Write out exactly, and only, the lines below from the line with "Aufgrund ihrer zentralen" through the line with "Le SVR Ampoule"; pictures do not belong in the copy.

◆ Data section
************

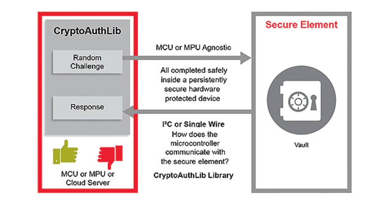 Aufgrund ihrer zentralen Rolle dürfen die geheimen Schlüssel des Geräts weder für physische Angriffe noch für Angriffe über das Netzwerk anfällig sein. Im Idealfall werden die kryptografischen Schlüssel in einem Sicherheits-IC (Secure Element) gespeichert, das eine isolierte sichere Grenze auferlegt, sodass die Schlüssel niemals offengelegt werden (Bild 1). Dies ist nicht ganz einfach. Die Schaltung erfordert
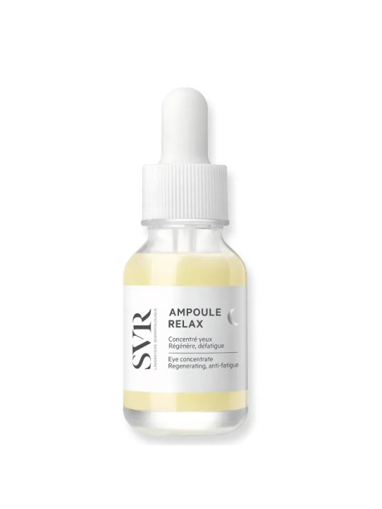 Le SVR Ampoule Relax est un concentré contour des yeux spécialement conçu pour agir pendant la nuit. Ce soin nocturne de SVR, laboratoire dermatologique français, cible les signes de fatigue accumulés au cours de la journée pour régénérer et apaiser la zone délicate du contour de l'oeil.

************

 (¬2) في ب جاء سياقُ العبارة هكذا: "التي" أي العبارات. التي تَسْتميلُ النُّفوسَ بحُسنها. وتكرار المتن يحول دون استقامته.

************

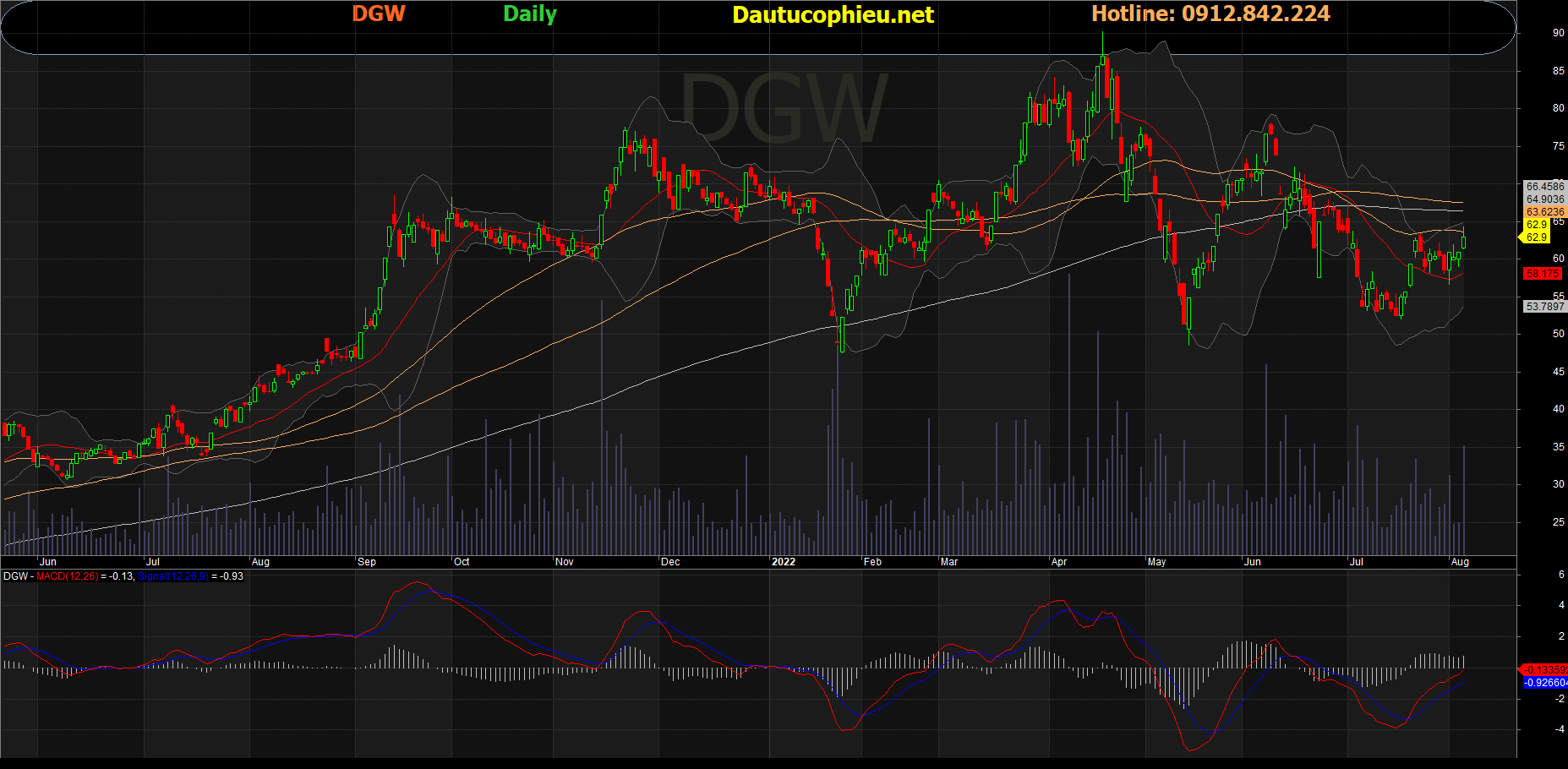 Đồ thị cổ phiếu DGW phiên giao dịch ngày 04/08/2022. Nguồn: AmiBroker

************

◆ Result of the task
 Aufgrund ihrer zentralen Rolle dürfen die geheimen Schlüssel des Geräts weder für physische Angriffe noch für Angriffe über das Netzwerk anfällig sein. Im Idealfall werden die kryptografischen Schlüssel in einem Sicherheits-IC (Secure Element) gespeichert, das eine isolierte sichere Grenze auferlegt, sodass die Schlüssel niemals offengelegt werden (Bild 1). Dies ist nicht ganz einfach. Die Schaltung erfordert
 Le SVR Ampoule Relax est un concentré contour des yeux spécialement conçu pour agir pendant la nuit. Ce soin nocturne de SVR, laboratoire dermatologique français, cible les signes de fatigue accumulés au cours de la journée pour régénérer et apaiser la zone délicate du contour de l'oeil.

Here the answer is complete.